**EXERCISE BRIEF**
Word for word, repeat the data that follows. Do not include the pictures.

(DATA EXCERPT Opens)

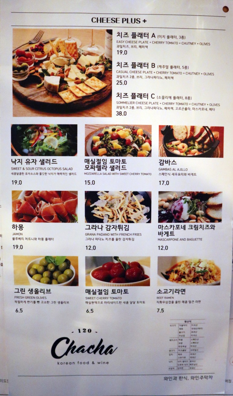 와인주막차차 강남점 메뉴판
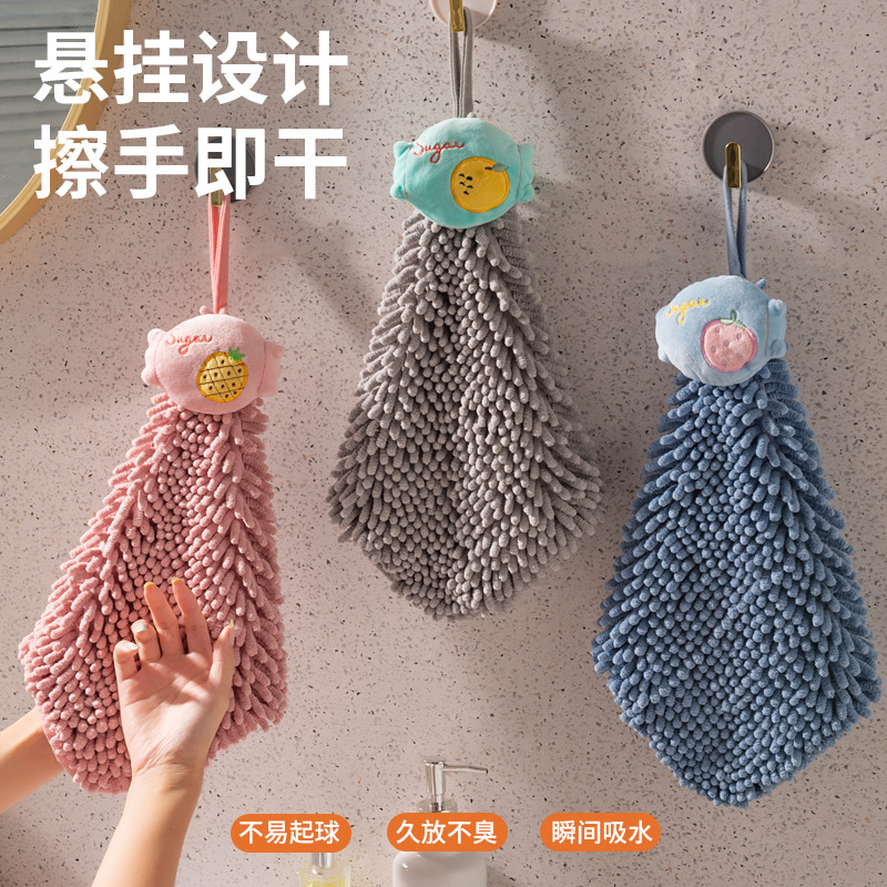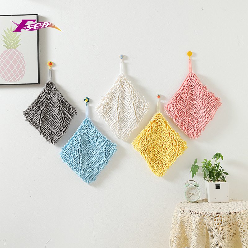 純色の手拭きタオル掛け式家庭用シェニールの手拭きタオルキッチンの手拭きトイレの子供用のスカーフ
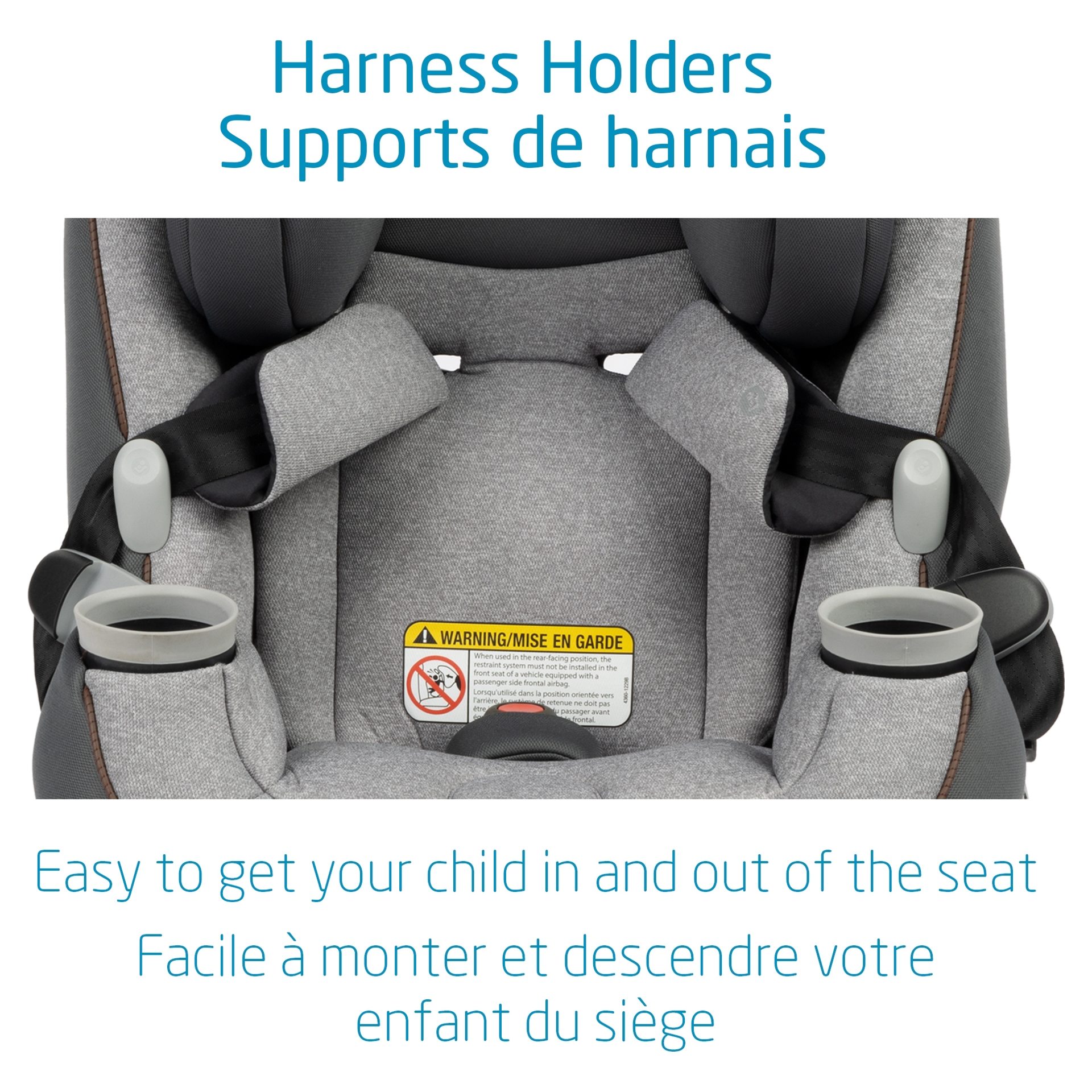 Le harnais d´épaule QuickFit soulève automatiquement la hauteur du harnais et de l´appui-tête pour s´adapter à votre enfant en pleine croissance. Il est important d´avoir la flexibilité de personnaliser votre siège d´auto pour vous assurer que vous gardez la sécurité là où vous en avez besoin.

(DATA EXCERPT Closes)

**FINISHED EXERCISE**
 와인주막차차 강남점 메뉴판
 純色の手拭きタオル掛け式家庭用シェニールの手拭きタオルキッチンの手拭きトイレの子供用のスカーフ
 Le harnais d´épaule QuickFit soulève automatiquement la hauteur du harnais et de l´appui-tête pour s´adapter à votre enfant en pleine croissance. Il est important d´avoir la flexibilité de personnaliser votre siège d´auto pour vous assurer que vous gardez la sécurité là où vous en avez besoin.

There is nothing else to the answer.